I’ve been using Docker since about 2015 and even back then I was using Docker Compose in production. Fast forward 10+ years and I’m happily using it.

Just a heads up, this isn’t going to be an end to end how-to post. You can always check my example Docker starter apps for Flask, Rails, Django, Node and Phoenix. They are set up to work in development and production with Docker Compose.

Funny enough 95% of the moving parts on deploying your app with Docker Compose is unrelated to Docker Compose, it’s about setting up a Linux server and picking a mechanism on how you you want to trigger deployments (git push, etc.).

The goal of this post is to plant a seed on using and trusting Docker Compose as well as going over a few things I really like about Docker Compose and why it’s my default pick to deploy an app to production.

There’s a time and place for Kubernetes and I’ve used it for quite a few things over the years but I typically reach for it when it really makes sense for a project, not by default.

# Success Stories

Over the last decade, here’s a couple of types of apps that I helped deploy for clients. I can’t list every single one, instead I’ll pick a couple and include a few bits of info about the project:

  • Rails app that did a lot of data analysis, at its peak 40 AWS EC2 instances were used
    • Postgres, nginx, Rails, Redis
    • It was a ton of background work processing for a multi-million dollar business
  • Fintech company running a few Python + PHP services on individual servers
    • MySQL, Apache, PHP FPM, Flask, Redis, Memcached
    • The company did well for ~12 years and eventually got acquired by a ~$500 million dollar company
  • Flask app to collect info from data sources, unify it and sell it as a service
    • Postgres, nginx, Flask, Redis
    • A solo dev had a passion for a niche field and built up a side business which pays his NYC rent
  • Flask app to help folks find good items to drop ship
    • Postgres, nginx, Flask, Redis
    • A solo dev started this one and in 6 months was making $90,000 USD / month with a 95% profit margin and $100 / month hosting bill

The Flask ones make me happy because they were both developers who took my Build a SAAS App with Flask course, had a good idea, executed it and were rewarded for their efforts. All my course did was break down how to build an app with Flask, they did the rest.

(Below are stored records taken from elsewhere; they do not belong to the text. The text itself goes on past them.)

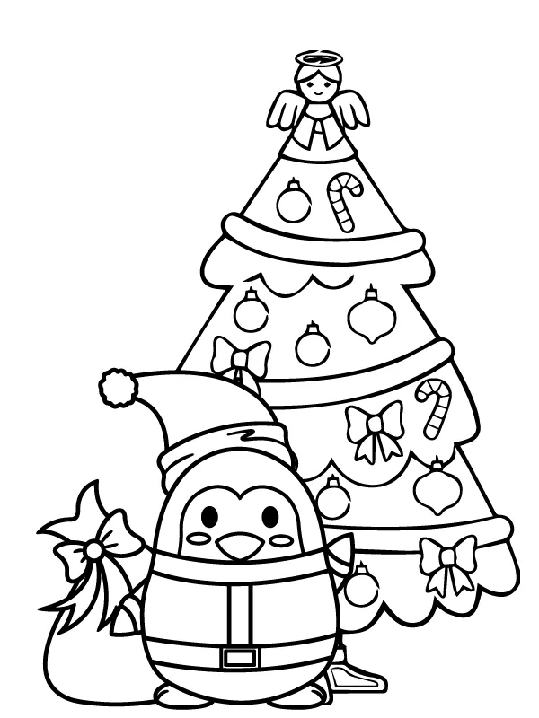 : Druckbar herunterladen Pinguin und Weihnachtsbaum Malvorlage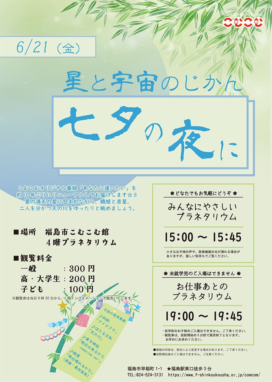 | お問い合わせ | 福島市子どもの夢を育む施設 こむこむ 〒960-8044 福島県福島市早稲町1−1 024-524-3131 |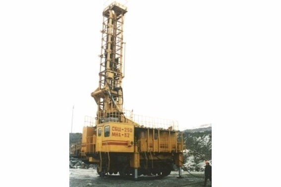 Самоходный буровой станок СБШ-250МНА-32КП на гусеничном ходу каркасно-платформенного исполнения предназначен для шарошечного бурения взрывных скважин диаметром до 311 мм глубиной до 28 м на породах с пределом прочности до 300 МПа при одноосном сжатии.

All of these apps and more have a few things in common:

  • git push code to a Linux server
  • Run a few lines of shell script after pushing the code
  • Wait a few seconds
  • The app is deployed

Some of them ran their database in Docker as part of the Docker Compose project, others used a managed database. Some of them chose to split their web and worker onto separate servers. Using Docker Compose doesn’t always mean you’re locked into literally 1 server.

# Questions and Answers

Over the years, folks who have wrote in or took my Flask / Docker courses have asked questions about Docker Compose. I’m going to do my best to answer those questions here.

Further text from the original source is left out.